Sec. 5. Each vendor in a major procurement must, at the time of executing the contract with the commission, post an appropriate bond or a letter of credit with the commission in an amount equal to the full amount estimated to be paid annually to the vendor under contract. However, the commission may, by a majority vote of all the members of the commission, adopt a resolution expressly permitting the director to decrease the bond or letter of credit requirement for a procurement, if the director determines that the decrease will result in a cost savings to the commission while still providing adequate protection against nonperformance. In lieu of a bond or letter of credit, a vendor may, to assure the faithful performance of its obligations, deposit and maintain with the commission securities that are interest bearing or accruing and that, with the exception of those specified in subdivision (1) or (2), are rated in one (1) of the four (4) highest classifications by an established nationally recognized investment rating service. Securities eligible under this section are limited to the following:
(1) Certificates of deposit issued by solvent banks or savings associations organized and existing under Indiana law or under the laws of the United States and having their principal place of business in Indiana.

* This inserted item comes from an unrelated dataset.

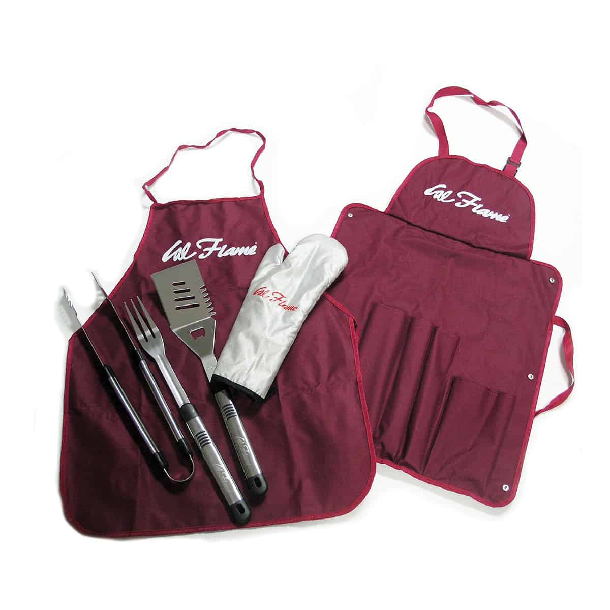The Cal Flame Utensil Set with Apron and Glove is a must have for all your grilling needs. It comes with all the accessories needed to complete the BBQ experience. Matching bag folds to hold 3 stainless steel tools, the apron, and oven mitt. The matching bag can be carried by hand or over the shoulder.

(2) United States bonds and bills for which the full faith and credit of the government of the United States is pledged for the payment of principal and interest.
(3) General obligation bonds and notes of any political subdivision of the state.
(4) Corporate bonds of a corporation that is not an affiliate or subsidiary of the depositor.
Securities shall be held in trust and must have at all times a market value at least equal to the full amount estimated to be paid annually to the vendor under contract.